I upgraded a couple months ago from 1 175w MH mogul to two 250w MH clip in. The lights a 12" above the top of the tank, and the tank is 28" deep. Temp is around 82.
 
After looking at your clam, it appears to be dying. Once they pull their mantles in like that, they are dead or all most dead. Does it responded to touch or shadows?

How long have you had it?

How did you acclimate it?

What kind of lights was it under when you got it?
 
I have had it for almost 3 years.

For the lights I started with just one pendant on for four hour and increased it by fifteen minutes daily. Once it was at 10 hours I turned both lights on and started back down to four hours. I've slower with the lights since my BTA's started to bleach. At the 3 week point the lights are only on for 6.5 hours at this point.

I also have not added anything new for over a month, and that was just some pink Zoa's and a ricordia.
 
The Reason

The Reason

I use a floating glass bobber type hydrometer. It turned out that the paper inside the hydrometer that tells me where my salinity is at slid down the tube. So when I thought I was at 1.025, it was realy at 1.029. I just started to slowly reduce the salinity levels and I can already see a difference in my other corals. I just hope my clam isn't so stressed that it wont make it.
 
You might want to purchase a refractometer.. Swing arm and floating hydrometers are so unreliable.

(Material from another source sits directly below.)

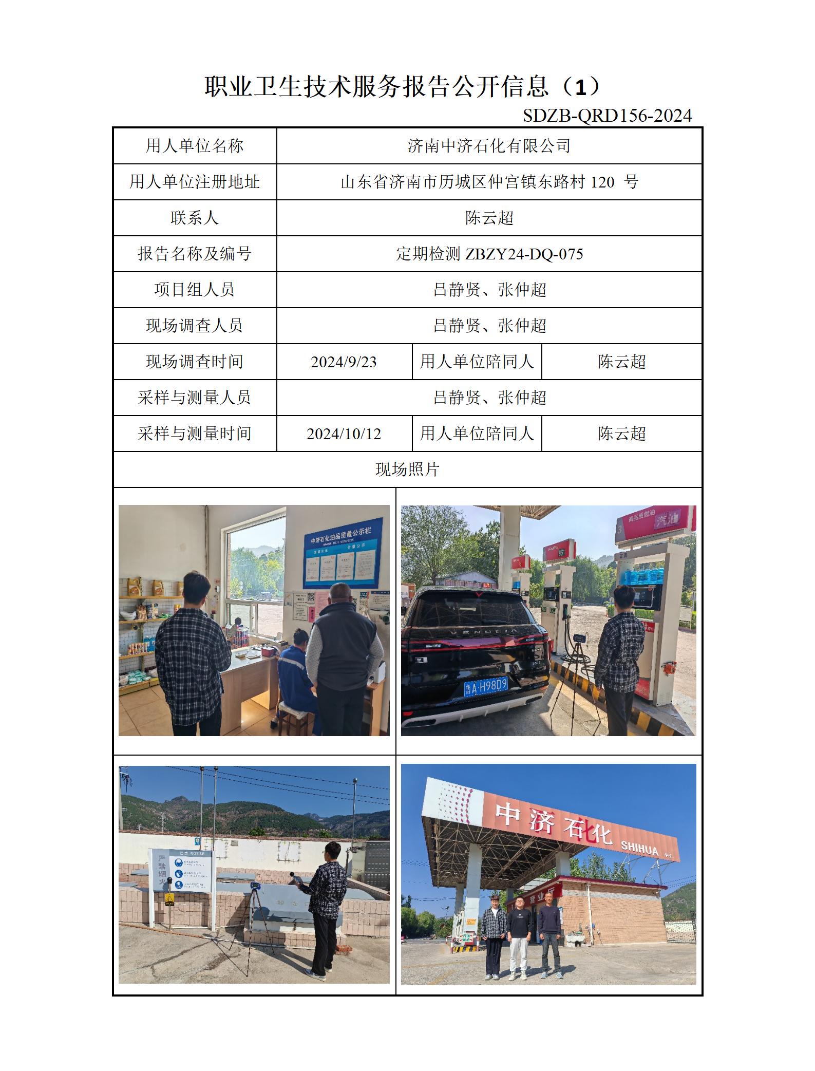 ZBZY24-DQ-075济南中济石化有限公司定期检测 信息公开

My old swing arm was off by 0.002..
 
Inverts are more sensitive to salinty changes. I would recommend slowly dropping your salinty levels.
 
I have a 45 gallon tank and I swapped a gallon of water out every hour since this morning. The clam is already showing sign of improvement by raising out of its shell.

My LFS has refractometers and I was looking at one today (that what was used to discovey my issue). I probably will get one within the month.
 
You might want to purchase a refractometer.. Swing arm and floating hydrometers are so unreliable

Swing arms are calibrated for 60 degree temps...Compare the swing arm against a refractometer and you are in business.